(Stored items from a collection)
*****
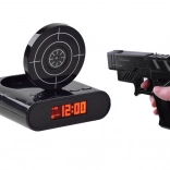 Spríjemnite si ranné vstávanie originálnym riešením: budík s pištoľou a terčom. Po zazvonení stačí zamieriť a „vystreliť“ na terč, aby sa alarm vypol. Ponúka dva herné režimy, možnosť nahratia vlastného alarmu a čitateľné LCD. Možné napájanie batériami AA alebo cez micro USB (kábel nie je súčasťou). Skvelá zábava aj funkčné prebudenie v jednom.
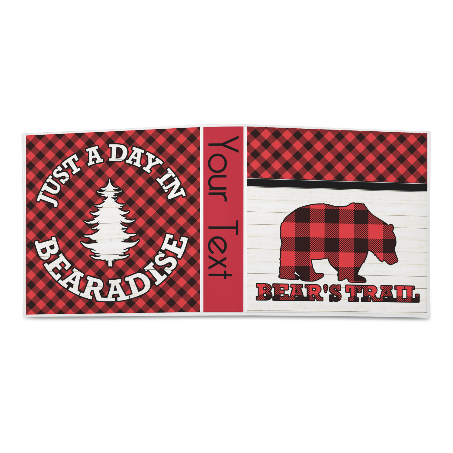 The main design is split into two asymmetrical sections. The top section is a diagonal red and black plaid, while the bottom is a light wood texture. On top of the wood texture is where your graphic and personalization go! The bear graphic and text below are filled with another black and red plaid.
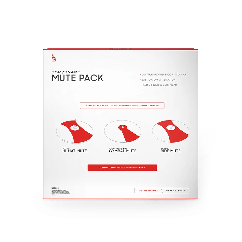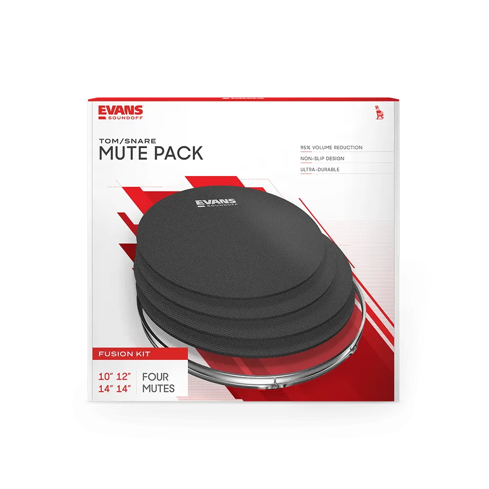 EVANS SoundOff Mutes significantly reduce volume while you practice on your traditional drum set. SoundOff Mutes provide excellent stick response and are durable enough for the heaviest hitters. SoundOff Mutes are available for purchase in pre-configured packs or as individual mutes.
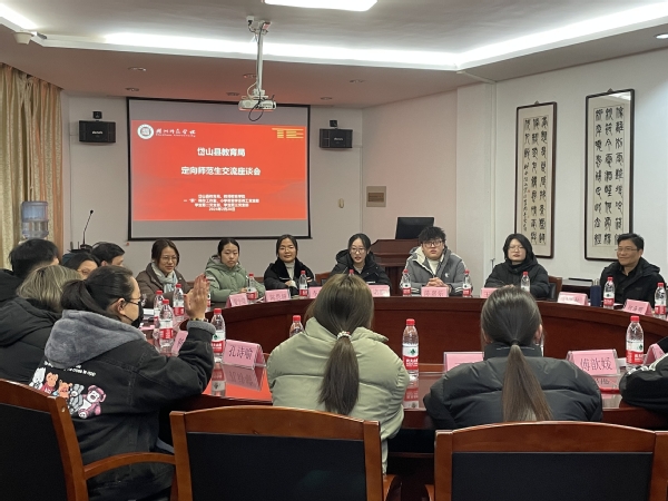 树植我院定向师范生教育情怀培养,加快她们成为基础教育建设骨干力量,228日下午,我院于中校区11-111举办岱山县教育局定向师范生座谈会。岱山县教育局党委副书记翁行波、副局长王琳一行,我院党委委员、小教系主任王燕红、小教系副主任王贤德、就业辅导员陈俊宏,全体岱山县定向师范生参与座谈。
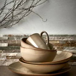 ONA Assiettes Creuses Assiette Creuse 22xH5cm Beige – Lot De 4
*****
Copy exactly and only this span: the line with "EVANS SoundOff Mutes" through the final line of the entries, both ends included, with the pictures left out.

Expected answer –
 EVANS SoundOff Mutes significantly reduce volume while you practice on your traditional drum set. SoundOff Mutes provide excellent stick response and are durable enough for the heaviest hitters. SoundOff Mutes are available for purchase in pre-configured packs or as individual mutes.
 树植我院定向师范生教育情怀培养,加快她们成为基础教育建设骨干力量,228日下午,我院于中校区11-111举办岱山县教育局定向师范生座谈会。岱山县教育局党委副书记翁行波、副局长王琳一行,我院党委委员、小教系主任王燕红、小教系副主任王贤德、就业辅导员陈俊宏,全体岱山县定向师范生参与座谈。
 ONA Assiettes Creuses Assiette Creuse 22xH5cm Beige – Lot De 4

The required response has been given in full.